I have been fishing since I was about two years old. My early forays were in the puddles in front of my house, using a twig as a rod. I no longer sit in puddles, but I remain captivated by all-things salmon. I got into fly-tying about 15 years ago, it is a hobby in its own right and one I enjoy more and more as the years pass. I sent Steve a few Mairi's Shrimps and following some transatlantic emailing I was delighted when he invited me to contribute to these pages. I hope you enjoy my contributions and have a go at tying some of my flies.

My favorite style of fly is the long-tailed shrimp, which I consider to be the most versatile of fly styles. I use it on tubes in spring and in summer I will use small versions- 12 doubles or 14 trebles. The overall length of these varies from about ?" to 3".
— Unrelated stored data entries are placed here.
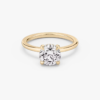 Four curved prongs securely cradle the center stone, allowing light to enter from every angle for maximum brilliance.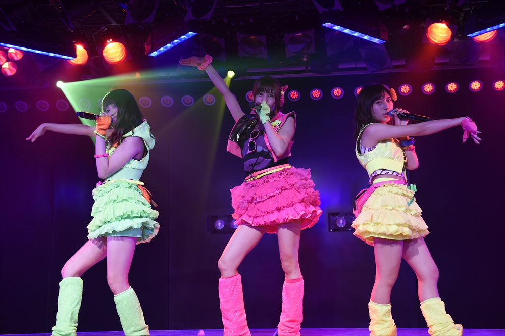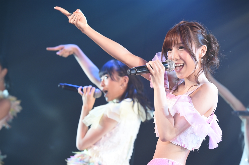テル監督が「攻撃的」と表現する本公演。アンコールも含め22曲だが、その中でユニット曲はわずか2曲のみで、メンバーもほとんどステージに出突っ張り。さらにダンスが激しいシングル曲も多数ライナップされていて、まだ前半の段階で、メンバーは全員、汗びっしょり。大島涼花が「他にない、めちゃくちゃ汗をかく公演」と語るほど。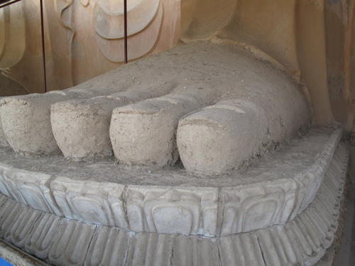 甘谷大佛石窟造象可遠(yuǎn)溯至北魏,具體年代已經(jīng)無從稽考。現(xiàn)存釋迦牟尼大佛像始鑿于北魏,一直到盛唐才趨完美。大佛石胎泥塑,身高23.3米,腰闊10.4米,結(jié)跏跌坐于蓮座之上,高大魁梧,溫順善良,坐于30.2米高、窟頂呈圓拱形的石窟內(nèi),頤面豐滿,肉髻高突,兩耳下垂,頸短并飾三道弦紋,短須作蝌蚪狀,施拔濟(jì)眾生印,足踩豐蓮。窟內(nèi)還殘存懸塑達(dá)摩、頻伽、飛天、卷云、蓮葉等,栩栩如生。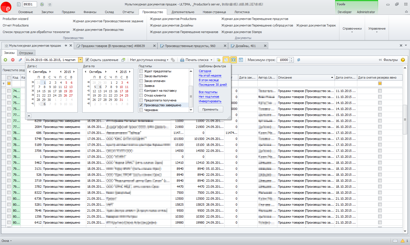 В интерфейсы системы менеджер в онлайне видит очередь на производстве, на каком этапе оного находится заказ, его наличествующую комплектность, прогноз по дате-времени исполнения.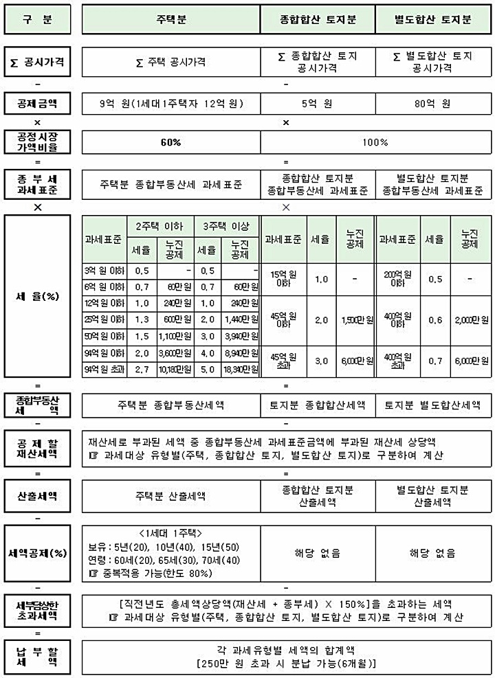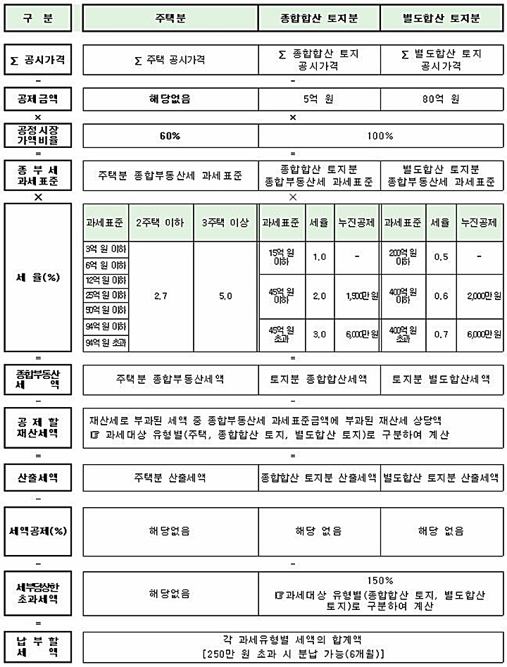 ◆종합부동산세 세액계산 방식[개인] ◆종합부동산세 세액계산 방식[법인] 세정일보 sejungilbo@sejungilbo.com 기자의 다른기사 저작권자 © 세정일보 무단전재 및 재배포 금지 관련기사 국세청, `23년 종부세 50만명에게 발송…고지세액 2조원 감소한 '4조7천억' 최신 기사 차규근 “배당소득 분리과세율 인하 수용못한다…초부자 감세, 불평등만 심화” 관세사회, 우원식 국회의장 면담…성실신고확인제 필요성 설명 [현장] ‘국세공무원의 꽃’ `25년 하반기 서기관 승진자 30명에 임명장 수여식 국세청, ‘기획·정보·대변인실’ 사무관 자리 하나씩 늘린다 동아쏘시오그룹, 중대재해 대응 모의훈련 실시···심폐소생술·자동심장충격기 실습 NH농협은행, 2025년 ‘디지털금융 혁신대상‘ 최종 우수사례 선정 韓 3분기 경제성장률 26개국 중 3위…내년 2.3% 전망도 등장 차규근 “배당소득 분리과세율 인하 수용못한다…초부자 감세, 불평등만 심화” 추천기사 국세청, 태광산업 세무조사 ‘인프라·레저 계열사’까지…‘5년 치 장부’ 뒤진다 론스타와 13년 분쟁, 국제투자분쟁에서 최초 ‘대한민국 승’…조세주권 지켰다 국세청, 세무공무원 출신 세무사 등 ‘세금 유튜버’ 전수 확인했다 상속세 과세, 유산취득세로 변경 시 ‘국세청 세무조사 조항’도 바뀐다 '마약의 나라' 되나?…청년층 타깃 클럽마약 '케타민의 급습' 5년간 7.3배 급증 [세미콜론] 아직도 이런 폐습이~…국세청 ‘간부 모시는 날’ 고강도 감찰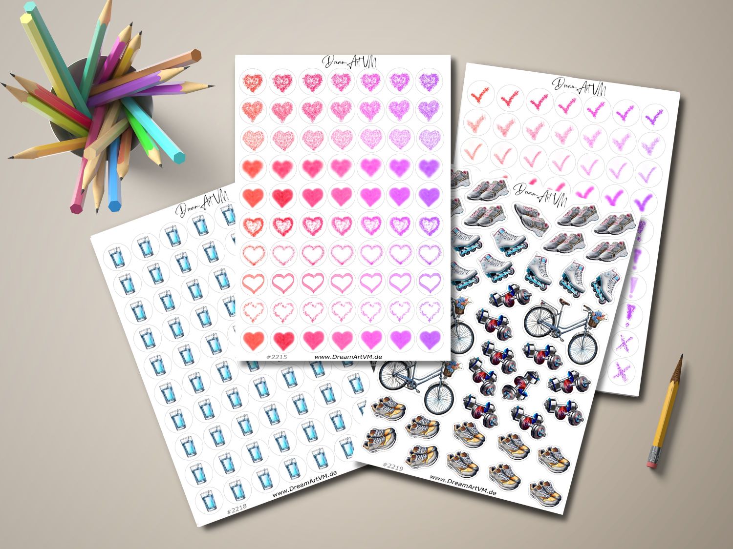 Das DreamArt VM Sticker Set wurde speziell für die Nutzung in Planern entwickelt. Mit Motiven wie Herzen, Häkchen, Getränken, Sportausrüstung und mehr hilft dieses Set dabei, wichtige Aktivitäten und Ziele im Alltag zu organisieren. Nutzen Sie die Sticker, um das Trinken von ausreichend Wasser zu verfolgen, sportliche Aktivitäten zu kennzeichnen oder erledigte Aufgaben abzuhaken. Diese hochwertigen, langlebigen Sticker sind eine motivierende Ergänzung für jeden Planer und helfen dabei, den Überblick zu behalten.

Scotland and Ireland are spiritual home to the shrimp fly. The Irish style is older, but the Scottish style has grown in importance from the 1970s onwards. The big bang was Ally Gowns' seminal fly the Ally's Shrimp. This came out in the late 80s and has spawned countless variants; the Ally's Shrimp is established a style which went beyond being a new pattern.

A slew of Ross Macdonald's Mairi's Shrimp More recently the style has been refined with the introduction of the Cascade, another treasure from Ally Gowans. The Cascade is often described as a Willie Gunn tied shrimp style as it shares the basic color scheme. Yellow, Orange and black are the main colors for many Scottish patterns. My own shrimp fly- the Mairi's Shrimp- is based on the long-tail style. I have made my own adjustments, but the template is the Ally's Shrimp and the Cascade.

There is a history of long tailed shrimps that predates Ally's Shrimp; prior to the Ally's we had John Cathcart's Black Shrimp and Graham McKenzie's Silver Shrimp. These two patterns remain common on the River Ness and elsewhere. They are tied with a shorter tail and are sparser tyings.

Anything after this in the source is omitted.